BRIEF: Only the pictures are to be dropped; return all other data below exactly.
··· COLLECTED MATERIAL ···
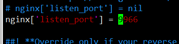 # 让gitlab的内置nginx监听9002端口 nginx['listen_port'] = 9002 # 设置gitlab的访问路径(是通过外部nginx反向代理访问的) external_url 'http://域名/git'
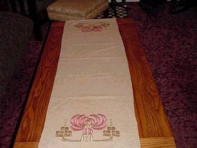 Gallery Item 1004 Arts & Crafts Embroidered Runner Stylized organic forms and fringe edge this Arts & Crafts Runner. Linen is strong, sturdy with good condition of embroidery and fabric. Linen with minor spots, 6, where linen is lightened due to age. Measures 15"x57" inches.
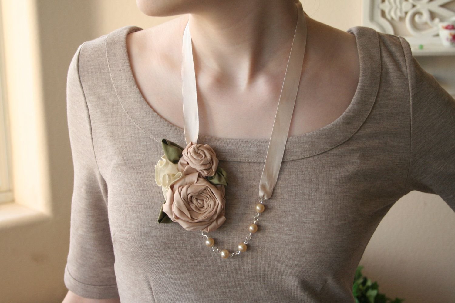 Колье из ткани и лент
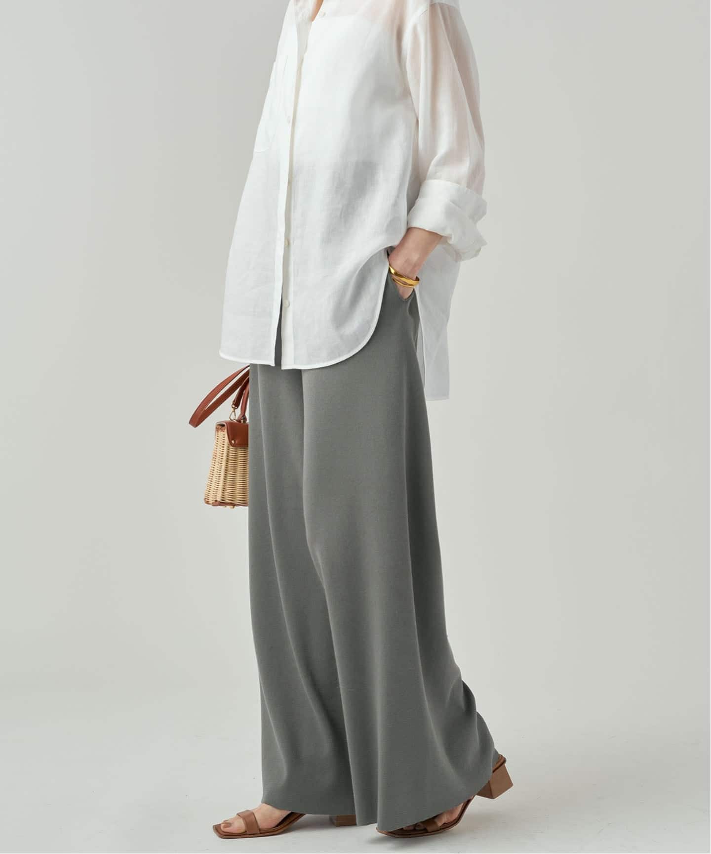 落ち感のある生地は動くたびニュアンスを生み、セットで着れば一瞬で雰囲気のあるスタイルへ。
···
RESPONSE BOX:
 # 让gitlab的内置nginx监听9002端口 nginx['listen_port'] = 9002 # 设置gitlab的访问路径(是通过外部nginx反向代理访问的) external_url 'http://域名/git'
 Gallery Item 1004 Arts & Crafts Embroidered Runner Stylized organic forms and fringe edge this Arts & Crafts Runner. Linen is strong, sturdy with good condition of embroidery and fabric. Linen with minor spots, 6, where linen is lightened due to age. Measures 15"x57" inches.
 Колье из ткани и лент
 落ち感のある生地は動くたびニュアンスを生み、セットで着れば一瞬で雰囲気のあるスタイルへ。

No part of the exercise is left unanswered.